Extracted records –
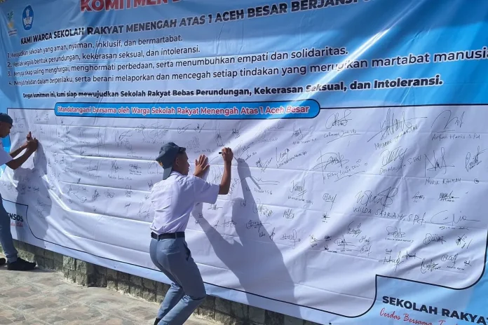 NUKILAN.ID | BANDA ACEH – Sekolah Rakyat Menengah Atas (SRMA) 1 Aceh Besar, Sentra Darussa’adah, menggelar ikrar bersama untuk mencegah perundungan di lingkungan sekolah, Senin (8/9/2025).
--
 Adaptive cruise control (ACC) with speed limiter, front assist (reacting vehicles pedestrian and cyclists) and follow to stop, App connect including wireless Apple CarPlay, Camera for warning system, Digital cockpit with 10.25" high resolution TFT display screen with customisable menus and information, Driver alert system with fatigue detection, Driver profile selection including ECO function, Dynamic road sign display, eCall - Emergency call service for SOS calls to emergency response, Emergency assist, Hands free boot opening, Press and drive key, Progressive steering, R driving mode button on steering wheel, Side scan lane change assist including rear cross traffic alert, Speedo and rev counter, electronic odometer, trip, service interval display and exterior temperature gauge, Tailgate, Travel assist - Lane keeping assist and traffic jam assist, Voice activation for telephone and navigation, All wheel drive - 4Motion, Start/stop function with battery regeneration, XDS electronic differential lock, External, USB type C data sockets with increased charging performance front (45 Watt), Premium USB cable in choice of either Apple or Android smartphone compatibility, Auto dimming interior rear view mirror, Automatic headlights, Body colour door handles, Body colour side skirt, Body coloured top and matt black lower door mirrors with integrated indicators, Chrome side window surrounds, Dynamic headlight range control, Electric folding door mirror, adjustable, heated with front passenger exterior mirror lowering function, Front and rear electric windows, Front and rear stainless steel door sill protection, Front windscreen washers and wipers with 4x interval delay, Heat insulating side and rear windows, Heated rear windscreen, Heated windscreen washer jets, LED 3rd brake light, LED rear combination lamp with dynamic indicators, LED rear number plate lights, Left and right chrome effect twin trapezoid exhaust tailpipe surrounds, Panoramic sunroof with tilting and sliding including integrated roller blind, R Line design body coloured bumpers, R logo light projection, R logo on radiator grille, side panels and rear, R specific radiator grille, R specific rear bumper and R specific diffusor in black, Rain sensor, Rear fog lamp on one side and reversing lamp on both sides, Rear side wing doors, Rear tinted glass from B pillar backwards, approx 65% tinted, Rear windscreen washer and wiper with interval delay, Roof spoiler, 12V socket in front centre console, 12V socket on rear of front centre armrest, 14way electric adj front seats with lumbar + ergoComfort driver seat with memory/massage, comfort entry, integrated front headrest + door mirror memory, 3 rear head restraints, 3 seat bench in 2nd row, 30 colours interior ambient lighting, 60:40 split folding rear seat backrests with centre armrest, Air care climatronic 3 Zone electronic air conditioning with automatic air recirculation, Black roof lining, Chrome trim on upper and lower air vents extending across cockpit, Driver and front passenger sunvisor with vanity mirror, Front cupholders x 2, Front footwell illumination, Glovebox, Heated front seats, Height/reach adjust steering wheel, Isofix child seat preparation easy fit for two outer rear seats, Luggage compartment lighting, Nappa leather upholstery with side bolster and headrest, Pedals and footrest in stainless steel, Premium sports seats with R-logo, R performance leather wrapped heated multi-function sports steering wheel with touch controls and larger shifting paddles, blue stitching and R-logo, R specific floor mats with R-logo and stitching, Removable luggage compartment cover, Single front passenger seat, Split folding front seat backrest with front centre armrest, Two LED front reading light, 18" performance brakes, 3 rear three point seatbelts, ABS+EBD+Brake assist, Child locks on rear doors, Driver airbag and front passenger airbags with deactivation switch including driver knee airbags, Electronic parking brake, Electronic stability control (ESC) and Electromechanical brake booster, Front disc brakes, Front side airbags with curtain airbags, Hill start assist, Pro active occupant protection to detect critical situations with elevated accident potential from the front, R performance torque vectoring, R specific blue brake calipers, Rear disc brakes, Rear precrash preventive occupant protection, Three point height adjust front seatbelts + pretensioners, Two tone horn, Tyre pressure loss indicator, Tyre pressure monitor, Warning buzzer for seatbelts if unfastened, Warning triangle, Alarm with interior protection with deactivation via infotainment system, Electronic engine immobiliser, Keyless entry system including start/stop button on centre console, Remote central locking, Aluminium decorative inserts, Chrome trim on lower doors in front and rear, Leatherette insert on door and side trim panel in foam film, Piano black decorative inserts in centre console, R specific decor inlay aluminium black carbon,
--
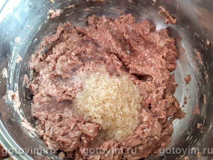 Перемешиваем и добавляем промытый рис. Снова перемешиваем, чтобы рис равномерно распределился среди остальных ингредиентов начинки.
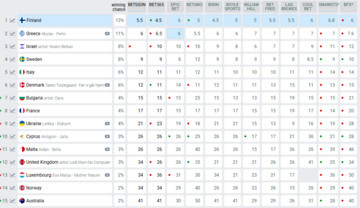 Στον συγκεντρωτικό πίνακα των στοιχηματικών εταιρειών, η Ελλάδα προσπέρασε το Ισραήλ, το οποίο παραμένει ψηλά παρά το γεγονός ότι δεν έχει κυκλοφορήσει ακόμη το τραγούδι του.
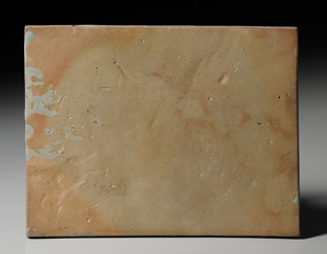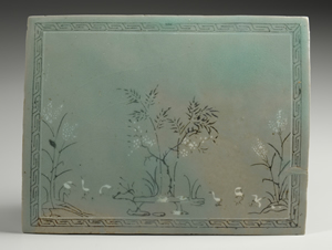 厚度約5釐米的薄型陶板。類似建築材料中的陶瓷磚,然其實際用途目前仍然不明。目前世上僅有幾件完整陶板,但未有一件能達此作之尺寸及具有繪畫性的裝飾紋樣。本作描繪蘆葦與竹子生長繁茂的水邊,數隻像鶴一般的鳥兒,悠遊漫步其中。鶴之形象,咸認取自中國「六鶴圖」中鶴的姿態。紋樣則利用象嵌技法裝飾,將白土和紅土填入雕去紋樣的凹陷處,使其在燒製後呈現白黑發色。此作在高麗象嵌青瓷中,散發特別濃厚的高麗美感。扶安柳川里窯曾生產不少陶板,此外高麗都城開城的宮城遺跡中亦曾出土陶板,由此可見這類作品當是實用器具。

What is required – Return exactly the part of the listing above that opens with the line containing "Перемешиваем и добавляем" and closes with the line containing "厚度約5釐米的薄型陶板。類似". Pictures stay out.

Response to this exercise –
 Перемешиваем и добавляем промытый рис. Снова перемешиваем, чтобы рис равномерно распределился среди остальных ингредиентов начинки.
 Στον συγκεντρωτικό πίνακα των στοιχηματικών εταιρειών, η Ελλάδα προσπέρασε το Ισραήλ, το οποίο παραμένει ψηλά παρά το γεγονός ότι δεν έχει κυκλοφορήσει ακόμη το τραγούδι του.
 厚度約5釐米的薄型陶板。類似建築材料中的陶瓷磚,然其實際用途目前仍然不明。目前世上僅有幾件完整陶板,但未有一件能達此作之尺寸及具有繪畫性的裝飾紋樣。本作描繪蘆葦與竹子生長繁茂的水邊,數隻像鶴一般的鳥兒,悠遊漫步其中。鶴之形象,咸認取自中國「六鶴圖」中鶴的姿態。紋樣則利用象嵌技法裝飾,將白土和紅土填入雕去紋樣的凹陷處,使其在燒製後呈現白黑發色。此作在高麗象嵌青瓷中,散發特別濃厚的高麗美感。扶安柳川里窯曾生產不少陶板,此外高麗都城開城的宮城遺跡中亦曾出土陶板,由此可見這類作品當是實用器具。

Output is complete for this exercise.